> _Recorded data_
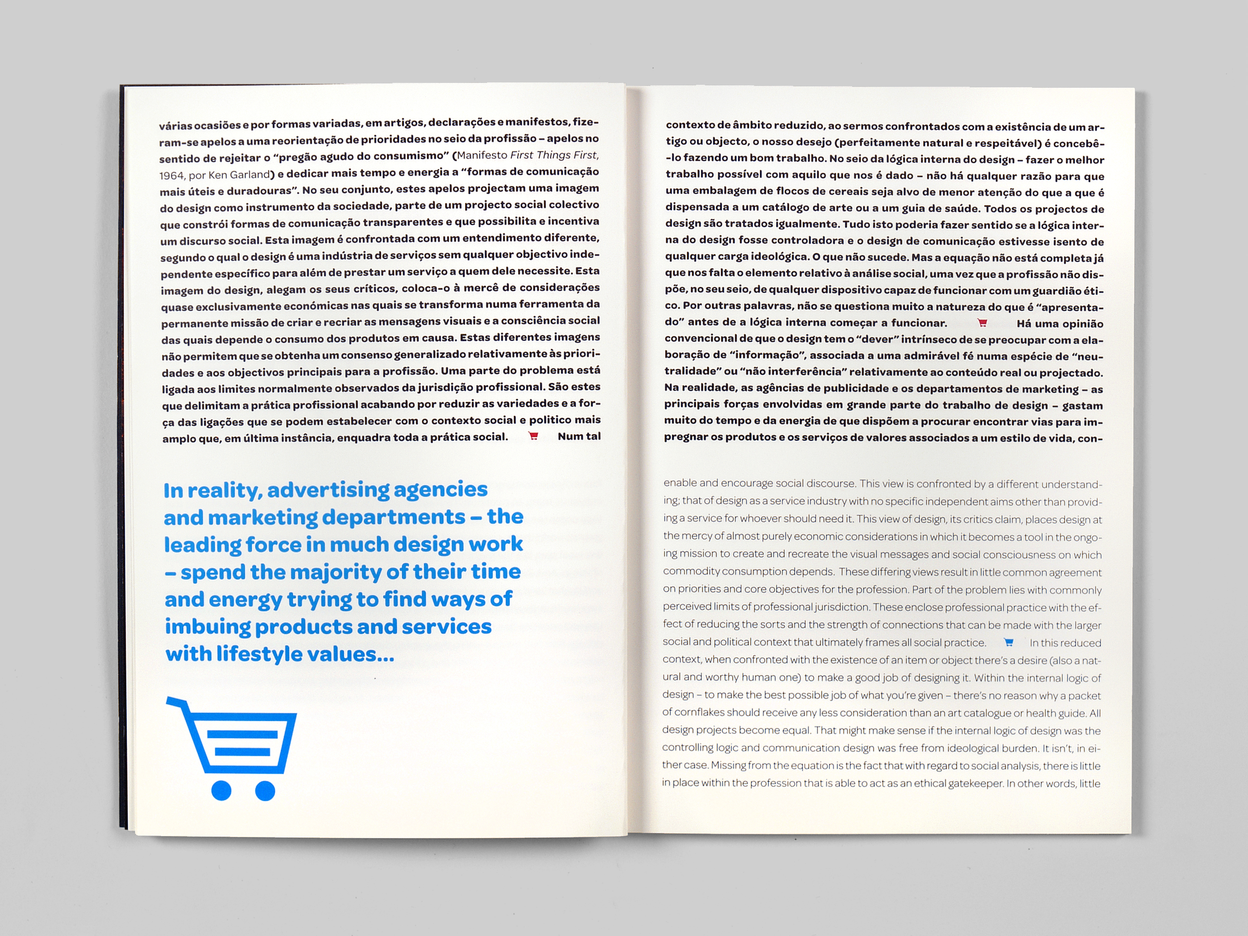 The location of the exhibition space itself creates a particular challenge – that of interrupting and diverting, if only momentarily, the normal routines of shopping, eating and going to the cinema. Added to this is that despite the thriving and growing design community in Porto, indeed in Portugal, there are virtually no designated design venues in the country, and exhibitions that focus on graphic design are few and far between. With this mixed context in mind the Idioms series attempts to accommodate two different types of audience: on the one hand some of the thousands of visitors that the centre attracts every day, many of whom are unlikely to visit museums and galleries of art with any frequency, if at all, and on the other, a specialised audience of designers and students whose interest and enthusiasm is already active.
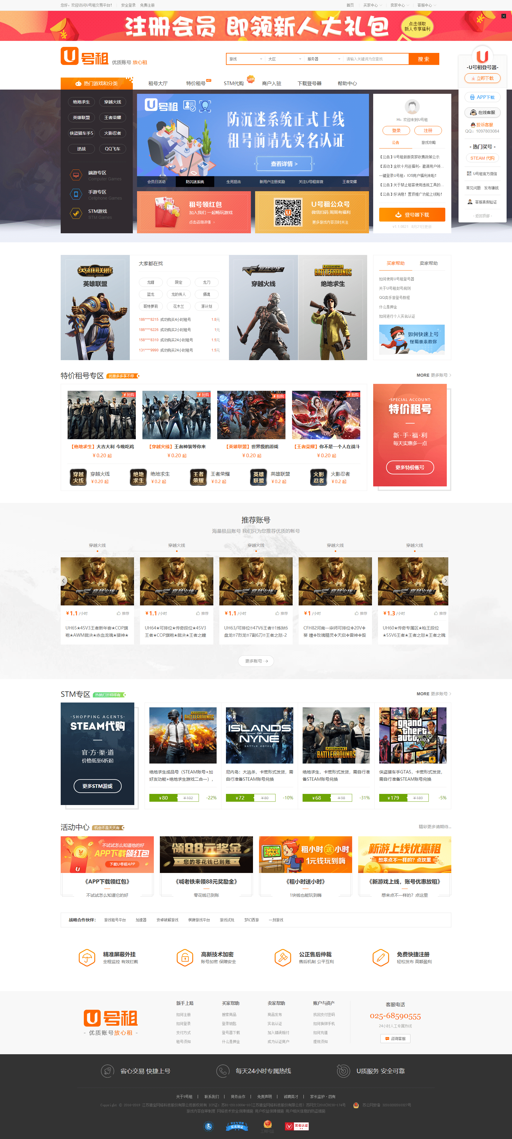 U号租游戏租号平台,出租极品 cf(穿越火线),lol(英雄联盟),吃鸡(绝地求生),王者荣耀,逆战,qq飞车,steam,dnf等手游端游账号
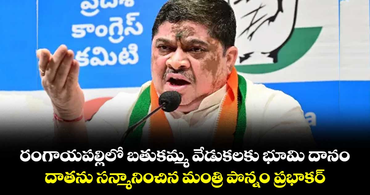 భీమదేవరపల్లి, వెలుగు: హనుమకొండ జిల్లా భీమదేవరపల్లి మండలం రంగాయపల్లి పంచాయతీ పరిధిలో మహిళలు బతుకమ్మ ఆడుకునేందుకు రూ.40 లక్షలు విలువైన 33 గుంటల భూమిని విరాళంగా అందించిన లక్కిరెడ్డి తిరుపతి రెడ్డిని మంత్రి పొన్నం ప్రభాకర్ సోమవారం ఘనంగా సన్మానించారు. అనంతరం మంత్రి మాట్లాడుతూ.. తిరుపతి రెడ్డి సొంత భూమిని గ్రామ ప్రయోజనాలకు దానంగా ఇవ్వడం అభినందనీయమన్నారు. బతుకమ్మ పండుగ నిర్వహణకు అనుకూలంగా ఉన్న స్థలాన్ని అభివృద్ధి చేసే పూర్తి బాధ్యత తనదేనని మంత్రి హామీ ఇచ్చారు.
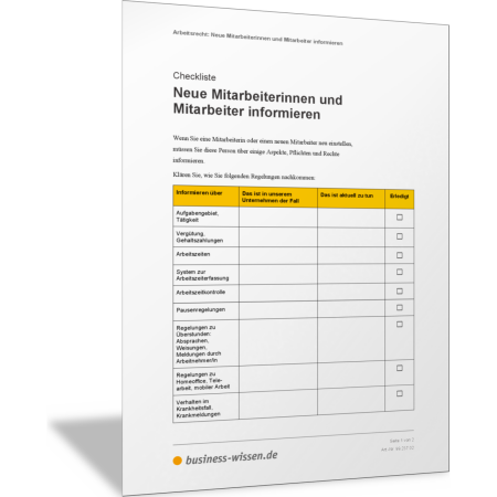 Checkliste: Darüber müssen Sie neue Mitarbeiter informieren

> _Task requirements_
All of the material above is to be retyped verbatim, with its pictures omitted.

> _Result for this task_
 The location of the exhibition space itself creates a particular challenge – that of interrupting and diverting, if only momentarily, the normal routines of shopping, eating and going to the cinema. Added to this is that despite the thriving and growing design community in Porto, indeed in Portugal, there are virtually no designated design venues in the country, and exhibitions that focus on graphic design are few and far between. With this mixed context in mind the Idioms series attempts to accommodate two different types of audience: on the one hand some of the thousands of visitors that the centre attracts every day, many of whom are unlikely to visit museums and galleries of art with any frequency, if at all, and on the other, a specialised audience of designers and students whose interest and enthusiasm is already active.
 U号租游戏租号平台,出租极品 cf(穿越火线),lol(英雄联盟),吃鸡(绝地求生),王者荣耀,逆战,qq飞车,steam,dnf等手游端游账号
 భీమదేవరపల్లి, వెలుగు: హనుమకొండ జిల్లా భీమదేవరపల్లి మండలం రంగాయపల్లి పంచాయతీ పరిధిలో మహిళలు బతుకమ్మ ఆడుకునేందుకు రూ.40 లక్షలు విలువైన 33 గుంటల భూమిని విరాళంగా అందించిన లక్కిరెడ్డి తిరుపతి రెడ్డిని మంత్రి పొన్నం ప్రభాకర్ సోమవారం ఘనంగా సన్మానించారు. అనంతరం మంత్రి మాట్లాడుతూ.. తిరుపతి రెడ్డి సొంత భూమిని గ్రామ ప్రయోజనాలకు దానంగా ఇవ్వడం అభినందనీయమన్నారు. బతుకమ్మ పండుగ నిర్వహణకు అనుకూలంగా ఉన్న స్థలాన్ని అభివృద్ధి చేసే పూర్తి బాధ్యత తనదేనని మంత్రి హామీ ఇచ్చారు.
 Checkliste: Darüber müssen Sie neue Mitarbeiter informieren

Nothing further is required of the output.